Researchers investigated a variety of breast cancer cell lines, patient-derived xenographs, tissue microarray samples, and data from The Cancer Genome Atlas to tease out the association and interaction between the mtp53 and PARP proteins in triple negative breast cancer. They discovered that high levels of these proteins are present on replicating DNA in these types of tumors, suggesting that the unusual presence and levels of these proteins may drive tumor growth. Review of the therapeutic mechanism of existing cancer drugs led the research team to identify talazoparib and temozolomide as existing drugs that could potentially be combined to create a targeted therapy that can effectively suppress the growth of triple negative breast cancer tumors.
“Our findings that mutant p53 and PARP participate in the DNA replication pathway will provide mechanism-derived dual biomarkers that aid in the diagnosis and treatment of these therapeutically elusive subsets of breast cancer,” said Gu Xiao, a research associate with Bargonetti’s lab and the paper’s first author. 
The team’s next step would be to test whether the combined drugs successfully block replication of triple negative breast cancer cells in tumor samples in animal models. If the therapy ultimately proves successful it could lead to the reclassification of the disease to a category of cancers called mutant p53/PARP1 positive cancers, which are treatable by combination PARP inhibitor therapies.
The study was funded by The Breast Cancer Research Foundation.

At a Glance

A Cancer Research journal paper from Graduate Center researchers identifies what could be the first targeted therapy for an aggressive form of breast cancer that disproportionately affects black women.

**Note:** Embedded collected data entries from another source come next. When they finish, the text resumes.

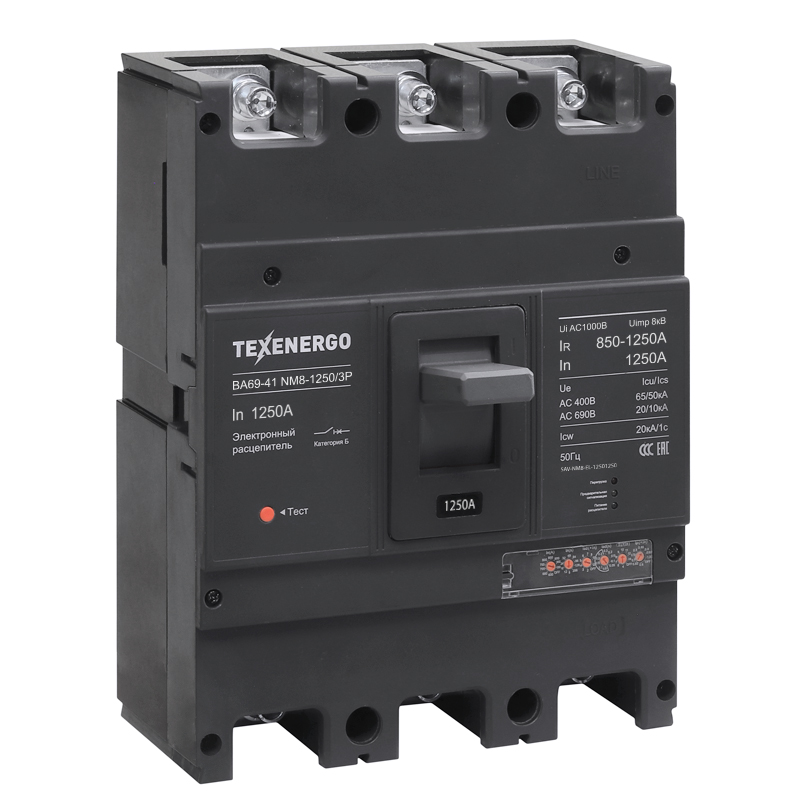Универсальный автоматический выключатель серии ВА69 NM8 в литом корпусе электронного типа. Применяется для распределения электроэнергии в сетях переменного тока частотой 50/60 Гц с номинальным напряжением до 690 В и током до 1250 А. Модели с номинальным током до 630 А могут использоваться для защиты электродвигателей. Выключатель оснащен электронным расцепителем с широким диапазоном регулировки и обеспечивает надежную защиту от токов перегрузки и короткого замыкания. Устройство предназначено для нечастых оперативных включений и отключений линии.
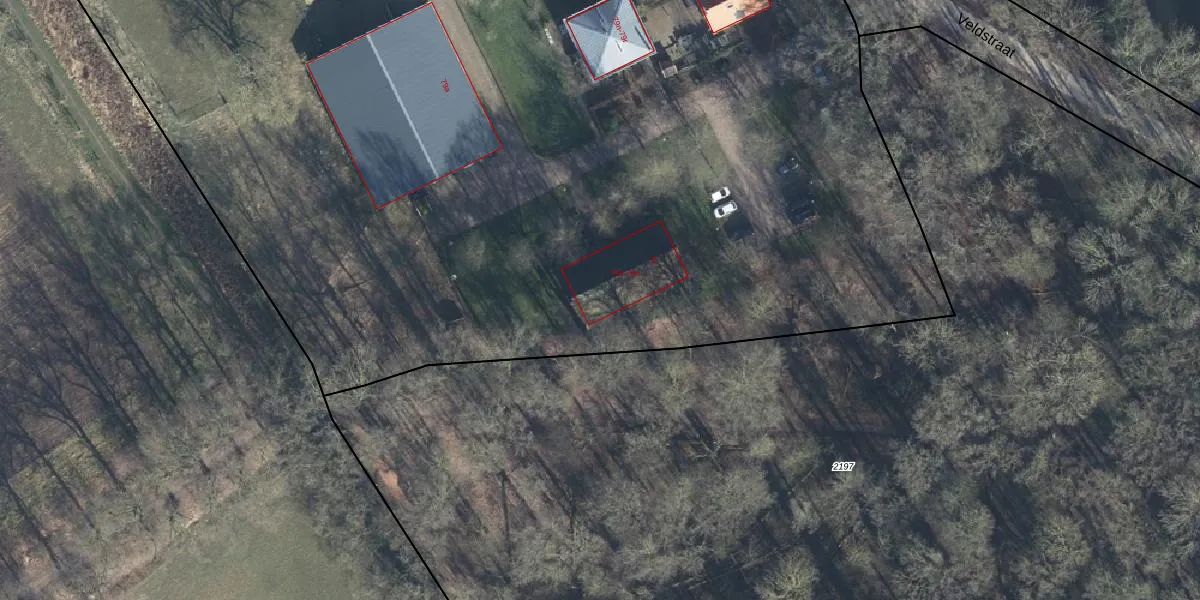 Het perceel waarop Veldstraat 79-t staat heeft een oppervlakte van 1,1 ha. Dit is een zeer groot perceel. De perceeloppervlakte wordt geregistreerd door het Kadaster. Gedetailleerde informatie over de maten van dit perceel kunt u vinden in het rapport Kadastrale kaart met maatvoering van Veldstraat 79-t.
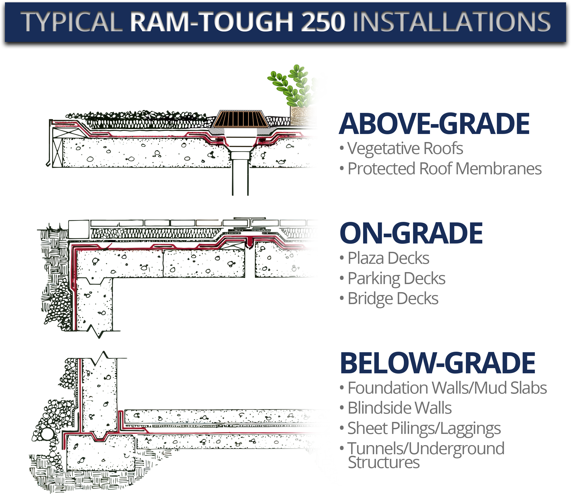A thermoplastic material, RamTough 250 Bitumen is a 100% solid polymer-modified rubberized bitumen which forms a completely monolithic, waterproof barrier without seams or joints.
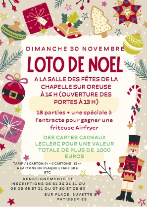 🎉 Notre LOTO DE NOËL, organisé par le Club des loisirs Chapelin, débarque à la Salle des Fêtes avec 18 parties, une spéciale à l’entracte, une Airfryer flambant neuve à gagner et plus de 1000 € en cartes cadeaux Leclerc.
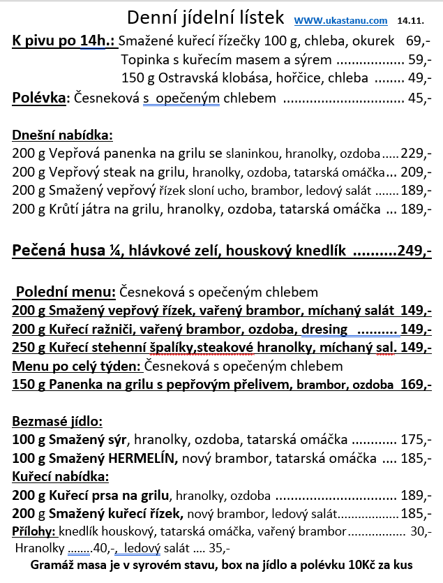Náš robot zatím neumí automaticky aktualizovat menu této restaurace. Špatný robot! 🤖 Pokud chcete menu této restaurace, kontaktujte je prosím na 📞 720660999 nebo 📧 rihacekj@email.cz a požádejte je o zveřejnění denních menu na lepšímenu.cz. Můžete jim také poslat tento odkaz: https://www.lepsimenu.cz/pro-restaurace
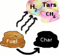 Этот процесс используется в пиролизных котлах. Процесс газификации древесины (пиролиз) происходит в верхней камере котла (загрузочном пространстве) под действием высокой температуры и при ограниченном доступе воздуха. Образующиеся при этом процессе газы проходят через зону высоких температур, достигают короба выходного устройства и смешиваются там со вторичным воздухом.
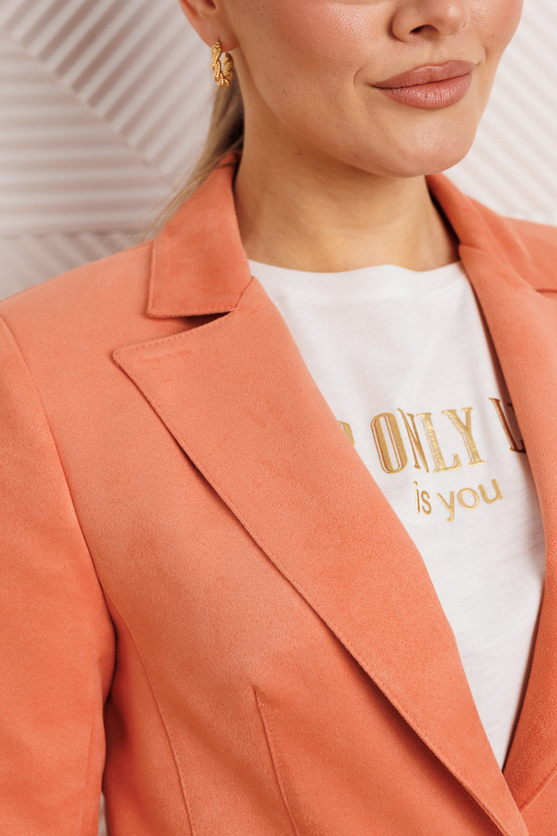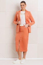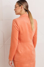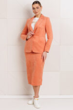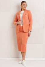 Представляем вам элегантный костюм, выполненный из благородной персиковой замши – материала, который дарит ощущение нежности и комфорта. Жакет однобортный, полуприлегающий. Застежка жакета на одну пуговицу, чуть выше линии талии. Рукав втачной, двухшовный. Воротник отложной с лацканами. На полочке прорезные карманы с листочкой. Длина жакета ниже линии бедер. Юбка миди – это не только модно, но и удобно. Она сочетает в себе стиль и комфорт, подходит для различных ситуаций и выглядит прекрасно на любой фигуре. Мы предлагаем прямую юбку-карандаш с разрезом. Разрез вносит шарм, романтичность и добавляет нотку эротичности женскому образу. Карманы придают спортивность. На задней половинке юбки – кокетка и средний шов. Застежка спереди на молнию. Верхний срез юбки обработан притачным поясом.
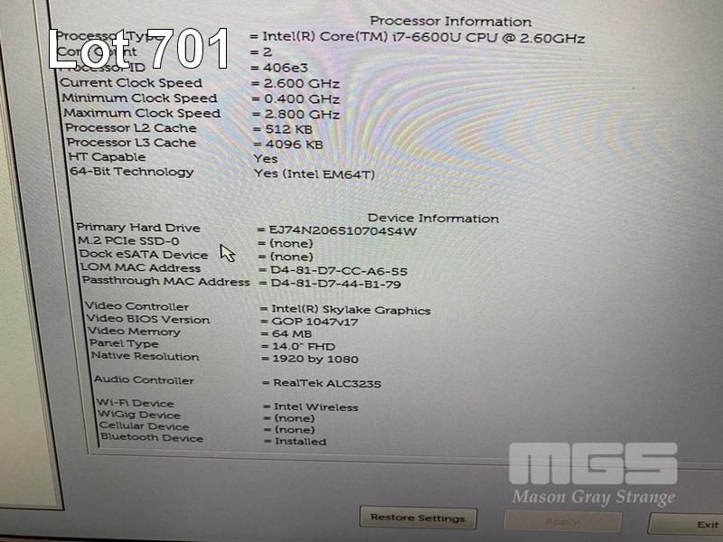 LAPTOP, DELL LATITUDE E7470, CORE i7 6600U (6TH GEN) @ 2.6GHz, 16GB DDR4 RAM, 512GB M.2 SSD, 14" WIDESCREEN (1920x1080), INTEL SKYLAKE GRAPHICS, Wi-Fi, BLUETOOTH, WINDOWS 10 HOME INSTALLED, DOCKING STATION & POWER SUPPLY (NOTE: SWOLLEN BATTERY) S/N:2NLG4H2
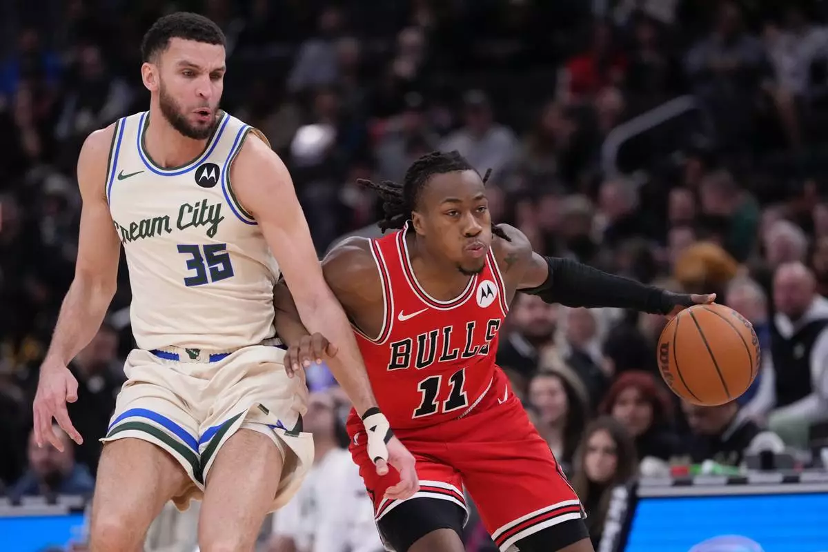 Chicago Bulls' Ayo Dosunmu gets past Milwaukee Bucks' Pete Nance during the first half of an NBA basketball game Tuesday, Feb. 3, 2026, in Milwaukee. (AP Photo/Morry Gash)
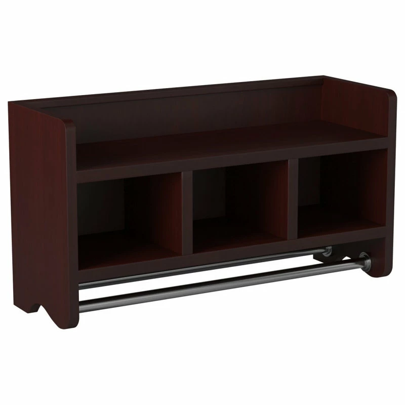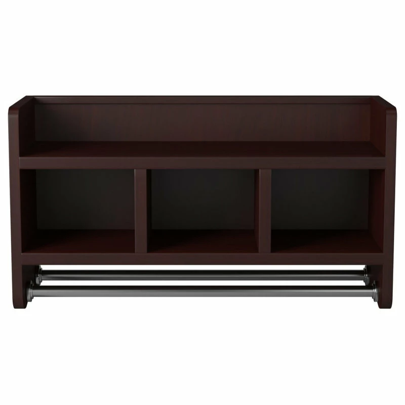 Update your bath with functionality and versatile design. Perfect for your bathroom this 25″ wide shelf features a top shelf, three cubbies, and two towel rods. Store toiletries, stacked washcloths, rolled towels or anything you need to keep organized. The top shelf has a raised edge so items will stay in place. Multiple finish choices will blend seamlessly into any decor. No assembly required, just hang in place for an instant update.

  • Researchers identified two proteins — mutant tumor protein 53 (mtp53) and poly-ADP-Polymerase (PARP) — that are present and interacting with DNA during the replication process in patients with triple negative breast cancer.
  • Suppressing these proteins through a combination of existing PARP-inhibiting therapies could be an effective way to interrupt the development of triple negative breast cancer cells and offer the first targeted treatment for this form of the disease.
  • The findings may also reclassify triple negative breast cancer as a different form of the disease that can be treated by combining already existing therapies.